British theatre and film director (born 1965)

Sir Rufus John Norris (born 16 January 1965) is a British theatre and film director, who was the artistic director and chief executive of the National Theatre from 2015 to 2025. He received the Society of London Theatre Special Award in 2025 for his services to theatre.

==Personal life==
Norris grew up in Africa and Malaysia, attended North Bromsgrove High School and Kidderminster College of Further Education, and later trained as an actor at RADA before turning to directing.

Norris has been in a relationship with playwright Tanya Ronder since the 1980s. After Norris' retirement from the National Theatre, the couple moved from London to Fife.

==Career==
In 2001 he won the Evening Standard Award for Outstanding Newcomer for his production of David Rudkin's Afore Night Come at the Young Vic.

In 2004, Norris won another Evening Standard Award, a Critic's Circle Award and an Olivier Award nomination for Best Director, for his production of Festen.

In 2006 he made his National Theatre debut directing Market Boy by David Eldridge. From 2002 to 2007 Norris was an Associate Director at the Young Vic, where his productions have included Feast by Yunior Garcia Aguilera, Rotimi Babatunde, Marcos Barbosa, Tanya Barfield and Gbolahan Obisesan (2013), Vernon God Little by DBC Pierre (2007), adapted by Tanya Ronder (2009 and 2011), Hergé's Adventures of Tintin, which Norris adapted, with David Greig (Barbican, 2005; UK tour & West End, 2007) and his own adaptation of Sleeping Beauty (Young Vic, 2002; Barbican, 2004, UK & international tour).

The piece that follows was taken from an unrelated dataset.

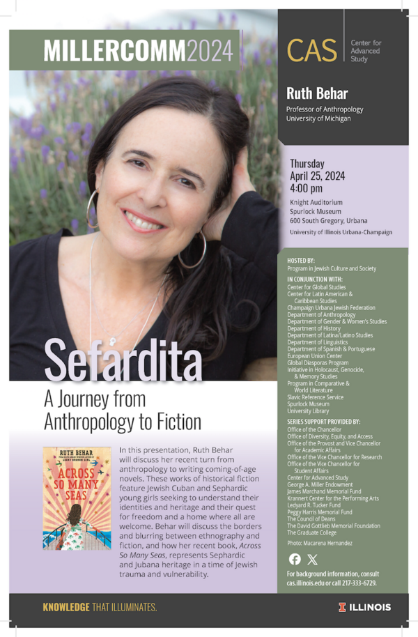 In this presentation, Ruth Behar will discuss her recent turn from anthropology to writing coming-of-age novels. These works of historical fiction feature Jewish Cuban and Sephardic young girls seeking to understand their identities and heritage and their quest for freedom and a home where all are welcome. Behar will discuss the borders and blurring between ethnography and fiction, and how her recent book, Across So Many Seas, represents Sephardic and Jubana heritage in a time of Jewish trauma and vulnerability.
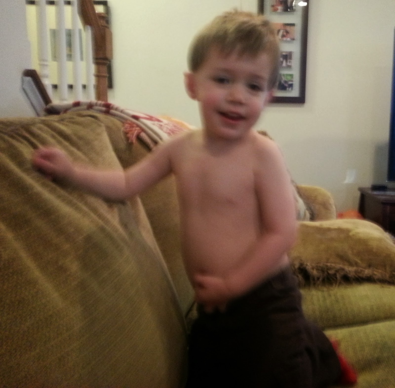 Charlie told us today a couple of times that he didn't feel good. When asked what hurt. He told me his body hurt. I then asked him about his different body parts. I was able to rule out that his fingers, hands, and arms did not hurt. However, his tummy, ears, legs and feet did hurt. I'm not sure what that was all about. He also complained of being hot so he took his shirt off to cool down.

His production of the Kander and Ebb musical Cabaret, produced by Bill Kenwright, ran at the Lyric Theatre in London's West End from 2006 to 2008. The production toured in 2008 and 2009 before being revived at the Savoy Theatre in 2012, followed by another UK tour. Another UK tour began in 2017.

In 2009, Norris's first film King Bastard, written by his wife Tanya Ronder, was produced by BBC Films. In the same year, he directed the National Theatre's production of Wole Soyinka's Death and the King's Horseman, which played in the Olivier Theatre.

He created the 2011 production Dr Dee for the Manchester International Festival, in collaboration with musician Damon Albarn, which was subsequently performed at ENO in 2012. In 2010 he directed Mozart's Don Giovanni, also for ENO.

Norris was made an associate director at the National Theatre in 2011. His production of London Road by Alecky Blythe and Adam Cork opened at the Cottesloe in 2011, before transferring to the Olivier in 2012, winning the Critics' Circle Award for Best Musical.

His 2012 film Broken premiered at the Cannes Film Festival and received the Golden Eye Award for best international film at the Zurich Film Festival. At the 2012 British Independent Film Awards it won the award for Best British Independent Film.

In 2013 his production of Tanya Ronder's play Table launched the new space, The Shed, at the National Theatre. He subsequently directed James Baldwin's The Amen Corner at the National Theatre.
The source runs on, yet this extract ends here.